Reliably diagnosing and treating diabetic ketoacidosis (DKA) is dependent on the quality of the laboratory and point of care (POC) testing performed. With regard to ketones, assessment of ketonemia has been supplanting urine ketone testing in both clinical practice and in recent diabetes guideline recommendations. There is an emerging consensus that blood beta-hydroxybutyrate (BOHB) measurement be used when assessing patients with possible DKA, with its availability as a point of care test only adding to its appeal. However, there are still a number of issues related to the measurement of blood ketones which have yet to be fully resolved (1). One such issue is that it is not known whether the POC or laboratory BOHB assays we currently use perform adequately for the clinical purpose to which they are intended. We therefore used existing authoritative diabetes guidelines to clinically determine the required performance of a BOHB assay by examining the test’s use in DKA diagnosis and treatment.

Regarding diagnosis of DKA, we used the pragmatic assumption that the blood BOHB assay should be able to perform sufficiently to reliably distinguish between a “normal” BOHB (<0.6 mmol/L) and “impending ketoacidosis” (1.6 to 2.9 mmol/L) and vice versa, or tell apart a value in the 0.6 to 1.5 mmol/L category (“ketonemia”) from one which is ≥3 mmol/L (“probable DKA”) and vice versa. A failure to distinguish between these non-adjacent diagnostic categories could lead to complete mismanagement of a patient.
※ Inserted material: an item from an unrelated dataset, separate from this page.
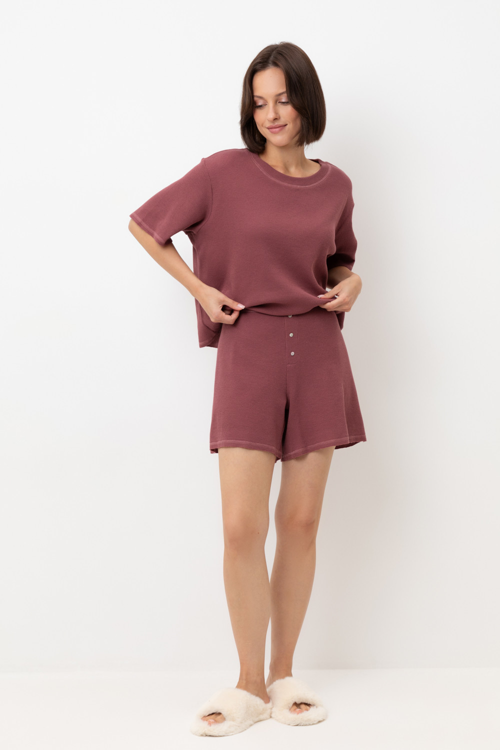 Комплект из объемного трикотажа с добавлением эластичных волокон. Свободный силуэт и мягкий пояс  обеспечат комфорт во время сна и отдыха.

We found that an assay CV (combining within- and between day variation) of less than 21.5% at all relevant BOHB concentrations and zero bias was able to make this distinction with at least 99% probability, although if the assay had a significant bias then this could substantially reduce this CV such that, for example, a 0.8 mmol/L bias reduces the acceptable CV to just 10%.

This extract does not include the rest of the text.